On Dec 1, 2009, sherri629 from Pawnee, IL wrote:

Hi, I'm a very novice plant owner, but this plant does look like one that I own. I'm guessing its around 18 inches tall and has two stalks coming up from the base. I'm not sure if it's a problem or the way it's supposed to be, but it seems like for every new growth from the top of this plant, it loses an equal amount from the bottom, so that the stalk is increasingly long. The top stays healthy, but the bottom keeps browning and dropping off. The plant is about 7 years old. Any advice?


On Aug 30, 2006, EnhancingNature from Germantown, MD (Zone 6b) wrote:

"Janet Craig" is one of the most shade-tolerant house plants in existence. But that doesn't mean it performs best in a closet. If it truly needs to enhance a dark corner, try rotating it out to a brighter spot from time to time. As for dying leaf tips, that's often caused by overwatering. If the plant is growing extremely slowly (in dim light), it needs extremely little water. To get a true sense of that, try withholding water until it shows distress -- that will probably take a very long time! Next time, water in a little shorter interval -- maybe monthly or bi-monthly. You can also trim off brown tips with sharp scissors; try to maintain a natural shape.

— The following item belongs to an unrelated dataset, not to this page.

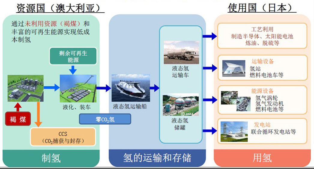 目前,工业制氢有几种方法,天然气、电解水、褐煤、污泥、焦炉气以及电解盐等等。目前可实现大规模制备氢气的方法有三种,其中日本是使用褐煤制氢,从澳大利亚开采的褐煤在当地粉化干燥制备成甲烷后通过高温加热就可以制备出大量的氢气,之后再将氢气成本冷冻液化,方便运输,不过这种方法的缺点在于制备的过程中会有大量的二氧化碳等副产物,但可以通过CCS技术就地封存。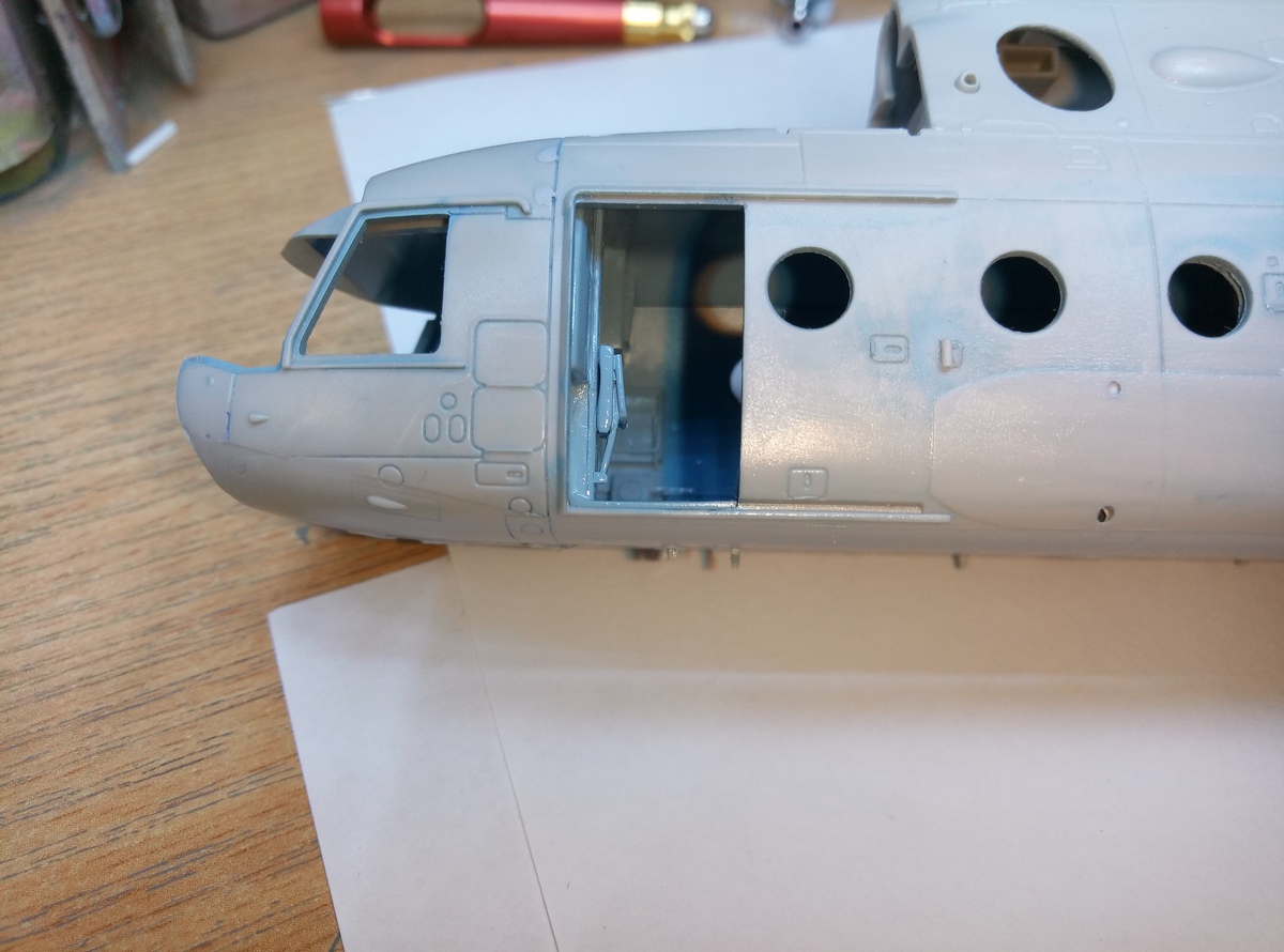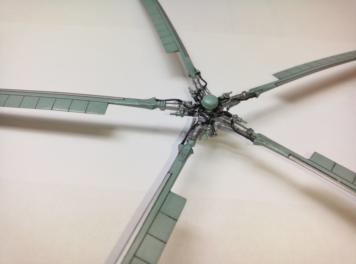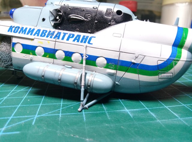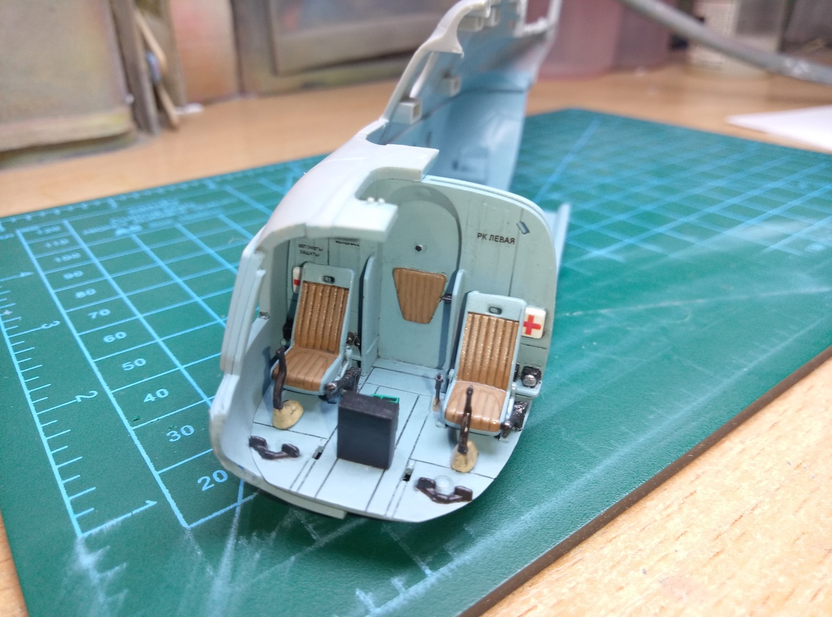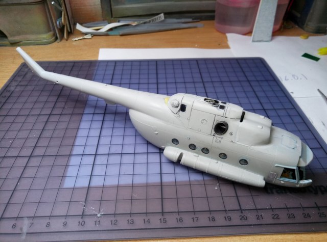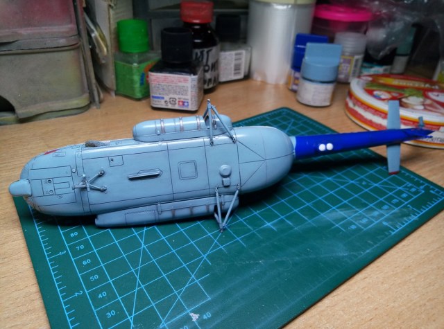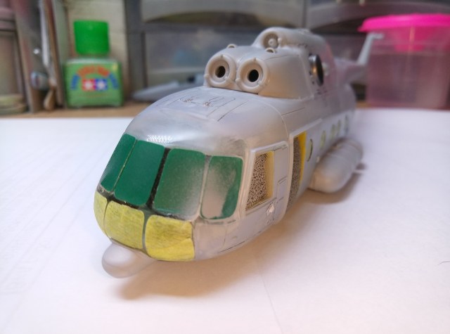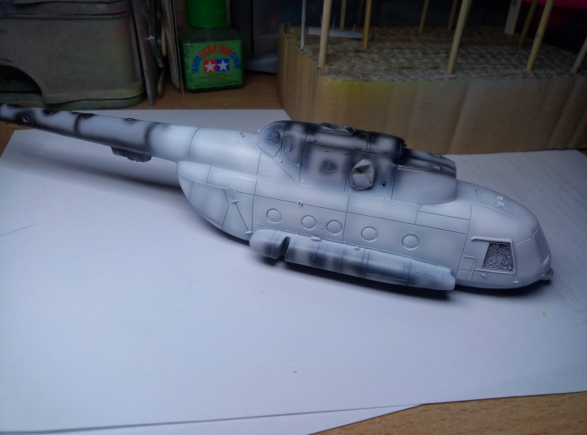 Сделал по фотографиям внешние боковины кабины, лишнее зашпаклевал суперклеем. Сделал вместо жабер сетку по бокам вертолета, как на прототипе. Также заменил на сетку пластмассовую имитацию в верхней части вертолета.

On May 12, 2006, brabrevilo from Lincoln, MI wrote:

I have grown the Janet Craig for years. To my SUPRISE, one of my three( they live in the same planter inside) has an unusual looking large bud at the very top of it. What in the world is happening??
Any input would be great.



On Oct 20, 2005, BayAreaTropics from Hayward, CA wrote:

One of the best house plants you can find. No pests,takes little or much light indoors and is very forgiving about watering. Likes warmth -i dont think it is a 9b plant.
EDIT 2007: My 20+ year old 4' multitrunk plant bloomed for the first time. Unlike the regular corn plant,'compacata' has no fragrance..darn.


On Jun 1, 2005, darylmitchell from Saskatoon, SK (Zone 3a) wrote:

I've had this plant for a couple of years. The greenhouse from which I bought it said that it would grow under low lighting, so I kept it at work, where my office faces north and has a few small windows. It hasn't grown very much and the leaves sometimes develop black spots or die back at the tips. I think it needs more light than it's currently getting.


On Jul 2, 2003, patp from Summerville, SC (Zone 8a) wrote:

I keep plant in bright, indirect light; receives late afternoon sun through low-e glass. Sword-shaped leaves have parallel venation. I've read that scales, mealybugs, and thrips can sometimes be a problem but I've never had a problem in my 3 years of ownership. Origin Africa or Asia. Very lovely indoor plant.